Mammalian breeding strategies vary depending on particular social contexts and sensory systems emphasized in various species. Among sexually dimorphic non-territorial Asian elephants, Elephas maximus, a multiplex olfactory chemical signaling system has been implicated in ensuring effective reproduction. This study explores how, using chemosensory mechanisms, widely roaming, wild male elephants locate periovulatory females in matriarchal-led female family units and precisely assess their ovulatory status. In this species, the dual obstacles of separately living sexes and infrequent oestrus are overcome by lengthy female cycles. During an extended preovulatory period captive females release increasing concentrations of the urinary pheromone (Z)-7-dodecenyl acetate, timed to reach a maximum just before ovulation. The current field studies combined chemical identification and quantification of female urinary (Z)-7-dodecenyl acetate with behavioural observations, monitoring the frequencies of chemosensory responses and premating behaviours by various categories of males. The results suggest the temporal extension of the preovulatory period effectively provides a synchrony between sexes for successful reproduction.
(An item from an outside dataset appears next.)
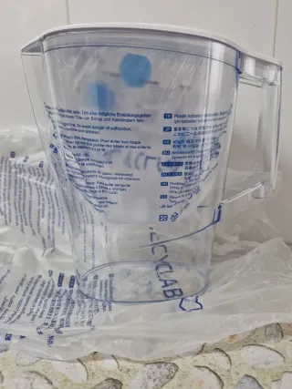 Jarra para filtrar agua de la marca Brita. Incluye varios filtros. - Diseño transparente con detalles en azul. - Fabricada en plástico resistente.

Male elephants undergo a two-decade-long maturation process that involves physical, sexual, social, and physiological maturation. Males older than 30 years are generally large, sexually active, socially adept and capable of sustaining long periods of musth, during which they release secretions distinctive of adult musth. These older adult males in musth demonstrated significantly more chemosensory responses and premating behaviours than their younger or nonmusth counterparts they apparently are more skilled at detecting the precise ovulatory Status of females. Male-male interactions are affected by size, age, and musth: the winners gain greater access to females, as indicated by the high incidence of mate guarding. The Asian elephant shares some breeding tactics common to other mammals including some primates (e.g. orangutans) and whales, while the musth parameter adds a unique feature, Fusion-fission events are influenced by elephant reproductive strategies. as roving males join female group, while tracking preovulatory pheromone concentrations.